Auf der Masada angekommen, müssen wir erschreckt feststellen, dass die Geiselnehmer arg gewütet haben. Von daher ist Improvisation gefragt. Ich merke erst jetzt, wie fummelig das Inventar zu benutzen ist, wenn man zwei Gegenstände miteinander benutzen will. Obwohl mir die Anleitung sagt, dass man zwei Sachen im Inventar kombinieren kann, bekomme ich bei der Durchführung dieser Aktion vom Programm eine mangelhafte Rückmeldung. Zwar wird das zu benutzende Item oben links neben unserem Zubehörsäckel angezeigt, doch verschwindet das Utensil just in dem Moment, wenn man ins Inventar geht, um das Gegenstück zur Benutzung anzuklicken. Freilich ist man dann verunsichert, warum kein "aktivierter" Gegenstand mehr visuell angepriesen wird. Es scheint, als ob man sich ganz normal wieder im "Item-Auswahlmodus" befindet.
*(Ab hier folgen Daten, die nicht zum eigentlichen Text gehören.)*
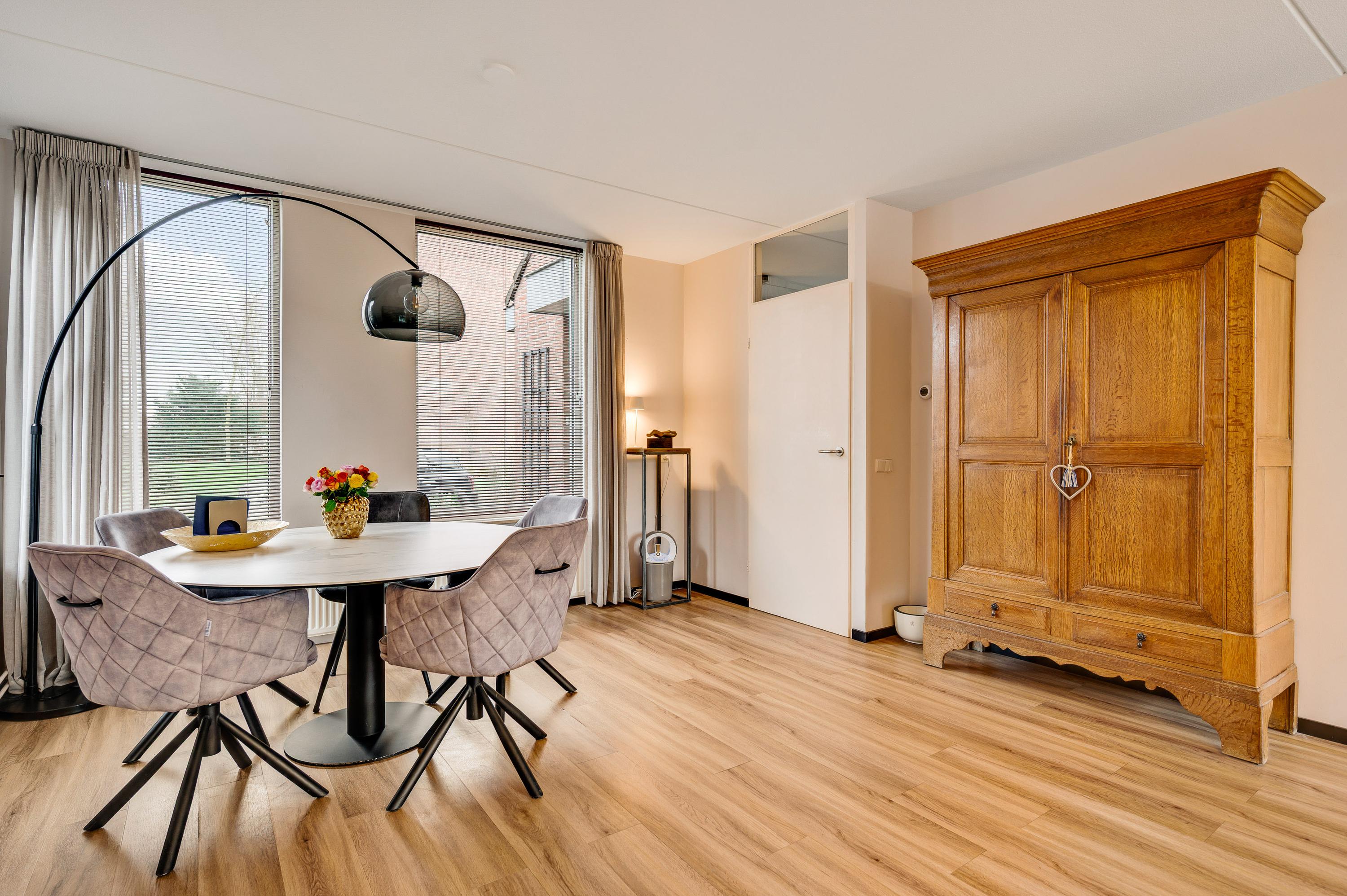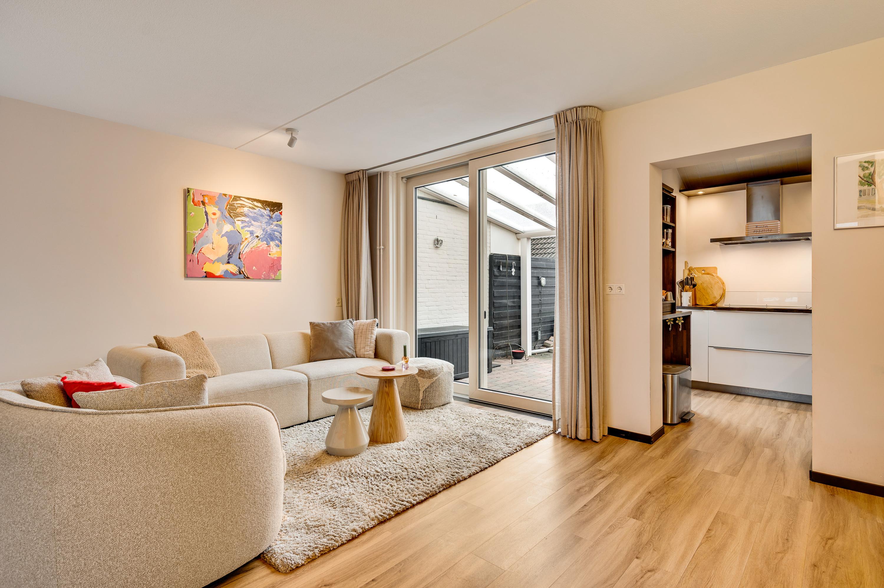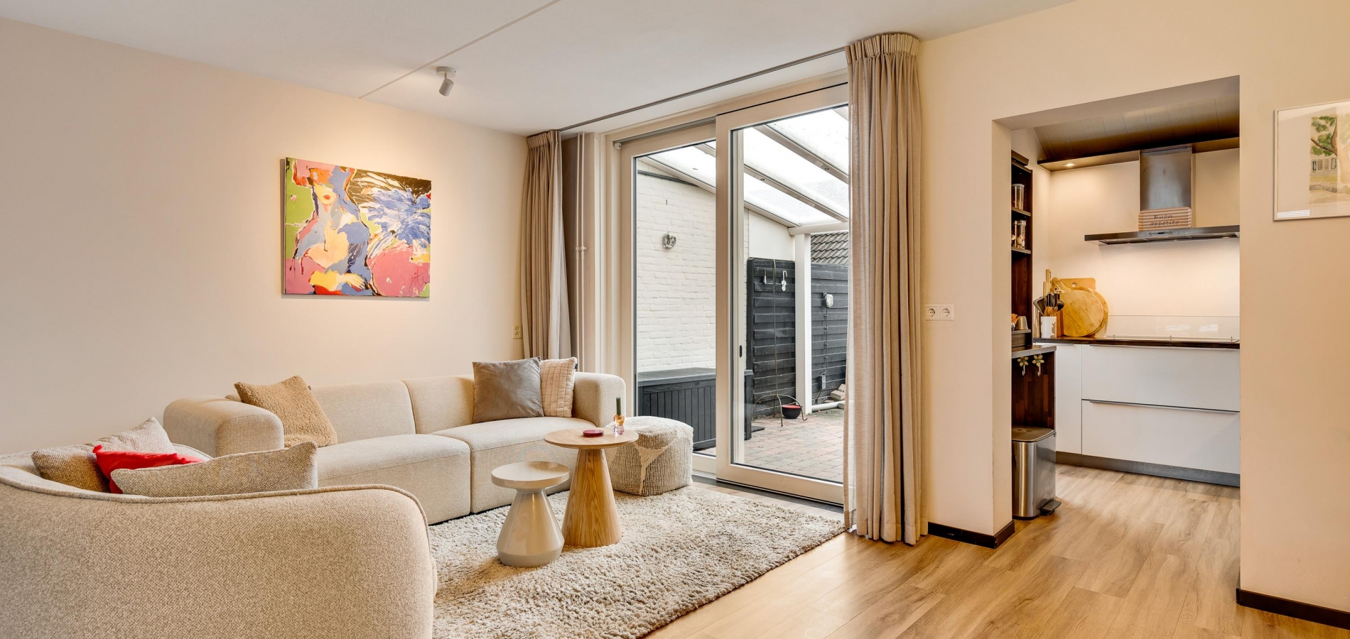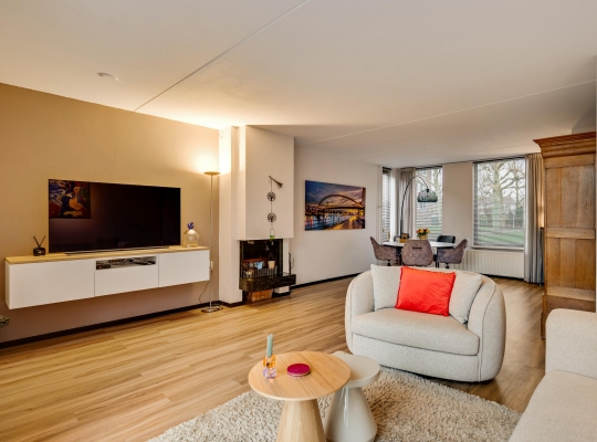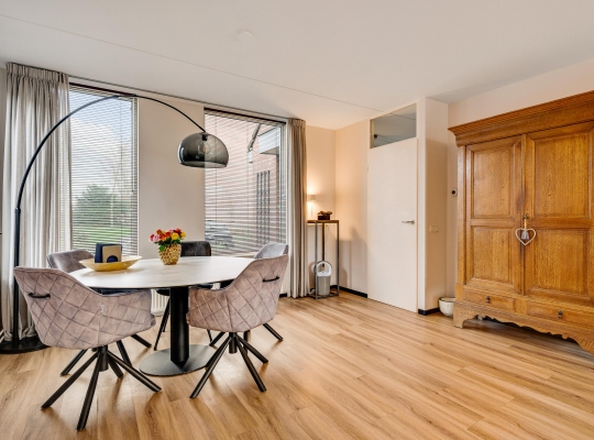 De woonkamer (circa 34 m2) is een fraaie en sfeervolle leefruimte, met een open haard en een schuifpui naar het overdekte terras. Het eetgedeelte is aan de voorzijde en vanaf de bank heeft u fraai uitzicht.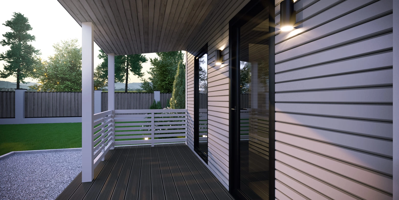 Баня «Джови Лайт 3» имеет светлый современный фасад и уютную веранду, на которой приятно проводить время на свежем воздухе.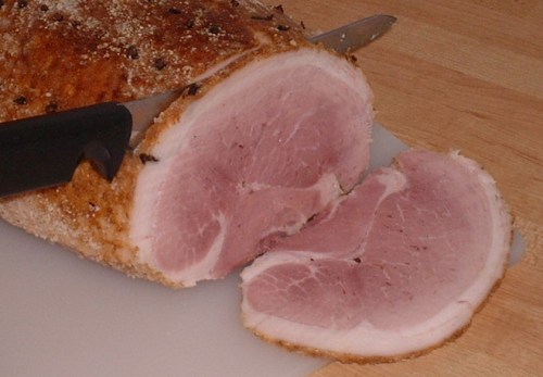 Smör, bröd, sill i oljesås, ansjovisgratin, god bräckkorv, skink- och njursauté, rädisor, ost, löskokta ägg. Kall kyckling med ärter, grönsallad och tomater i marinad samt varm sås.

Schließlich konnte ich auch über diesen Designschnitzer hinwegkommen und die nötigen Rätsel lösen, um den Schergen Cereth in die Schranken zu weisen. Enttäuschend war für mich, dass das Einsatzgebiet der Masada mit gerade mal 4 Bildschirmen aufwarten konnte. Wenn man die Mission also kennt, spielt man sie locker und flockig in 5 Minütchen durch. Apropos 5 Minütchen...in genau jener Zeitspanne will ich bei "Pille" sein, der mich zu einer Partie Star Trek Chess herausgefordert hat. Nun ja! Das Frei vom Dienst hat doch wirklich was Gutes. Alle Crewmitglieder amüsieren sich prächtig.
Ach so, ehe ich es vergesse: Die Entführungsmission konnte ich immerhin mit 88% zum Abschluss bringen.
Ich bin dann mal weg. Kirk over and out.

Kommentar wurde am 22.05.2015, 22:55 von jan.hondafn2 editiert.